Dish washing is usually done using an implement for the washer to wield, unless done using an automated dishwasher. Commonly used implements include cloths, sponges, brushes or even steel wool. As fingernails are often more effective than soft implements like cloths at dislodging hard particles, washing simply with the hands is also done and can be effective as well. Dishwashing detergent is also generally used, but bar soap can be used acceptably, as well. Rubber gloves are often worn when washing dishes by people who are sensitive to hot water or dish-washing liquids, those who do not want to touch the old food particles, or those who do not wish to get as wet. According to dermatologists, the use of protective gloves is highly recommended whenever working with water and cleaning products, since some chemicals may damage the skin, or allergies may develop in some individuals. Many people also wear aprons.
There is also variation in the temperature and state of water. Some people prefer cold water or hot water, and some people prefer running water or standing water.
Where dishes are to be shared among many, such as in restaurants, sanitization is necessary and desirable in order to prevent spread of microorganisms. Most restaurants have three-compartment sinks (depending on country or state regulations) and use the three-sink system (washing, rinsing and sanitizing of dirty dishes) with the first compartment containing a combination of warm water and soap or detergent. Water within the first compartment often needs to be between 95 and 120 degrees Fahrenheit (35 and 49 °C) (according to applicable health codes).

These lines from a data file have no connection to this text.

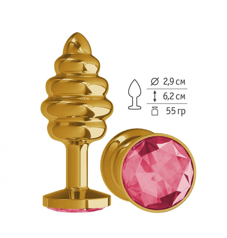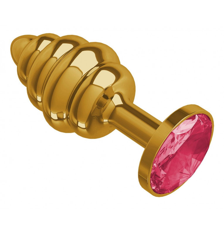 Золотистая пробка с рёбрышками и малиновым кристаллом - 7 см.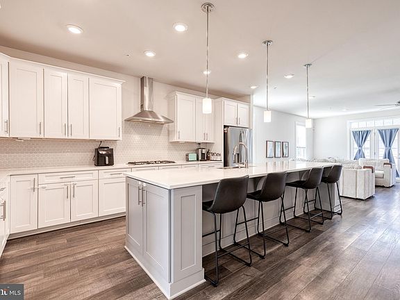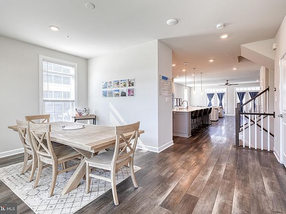 Welcome to this beautifully maintained end-of-row townhome in the thriving Greenleigh at Crossroads community, built in 2021. Featuring 4 bedrooms and 3.5 baths across approximately 3,437 sq ft of living space, this home has it all. Step into an open floor plan with dining room, kitchen and living areas on the main level. The gourmet kitchen boasts stainless steel appliances and a spacious layout with tons of cabinet space and functionality. Retreat to the large primary bedroom, complete with two walk-in closets, a double vanity, and a large double shower head shower in the en-suite bathroom. Two bedrooms and a full bathroom complete the upper level. A finished basement adds flexibility with the fourth bedroom that can be used as an office, gym, etc, and a large family room, while the outdoor trex deck provides the perfect spot for relaxing or entertaining. The detached two-car garage offers off-street parking and storage. Positioned within a vibrant neighborhood with amenities such as walking trails, a pool, clubhouse, playground and more, as well as shops, dining, parks, and convenient access to I-95 and I-695, this home blends modern comfort with everyday convenience.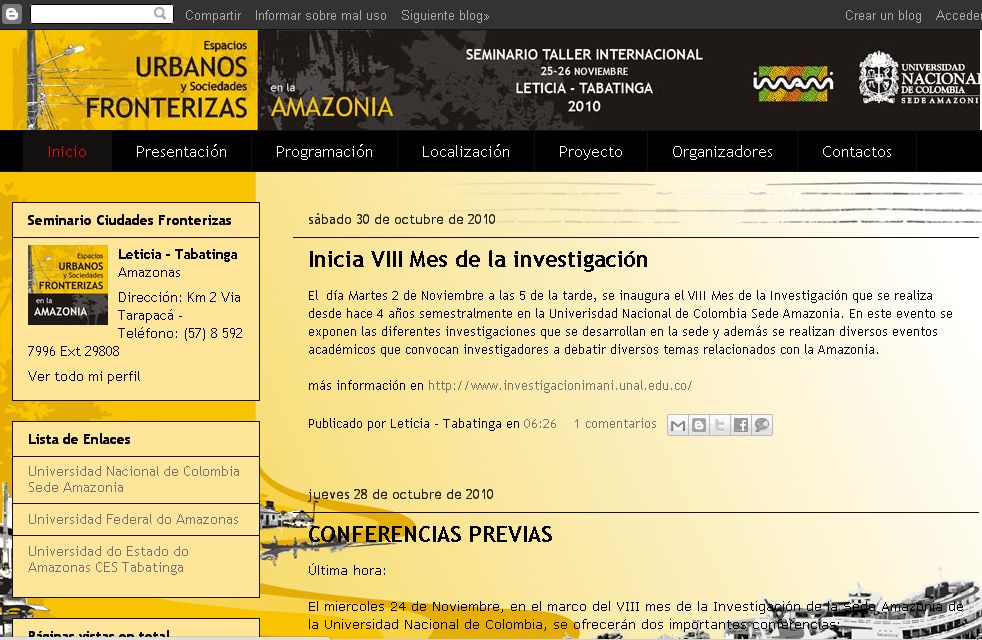 La Universidad Nacional de Colombia Sede Amazonia organiza un evento sobre Espacios Urbanos y Sociedades Fronterizas en la Amazonia. Este tendrá lugar el 25 y 26 de Noviembre en Leticia y desde ya están las inscripciones abiertas. Más Información AQUI

Most institutions have a dish-washing machine which sanitizes dishes by a final rinse in either very hot water or a chemical sanitizing solution such as dilute bleach solution (50-100 parts per million chlorine; about 2 ml of 5% bleach per litre of water, approximately one capful of bleach per gallon water). Dishes are placed on large trays and fed onto rollers through the machine. Dishwashers typically exceed 145 °F (63 °C) and kill all germs, while hand-washing reaches temperatures of at most 104 °F (40 °C).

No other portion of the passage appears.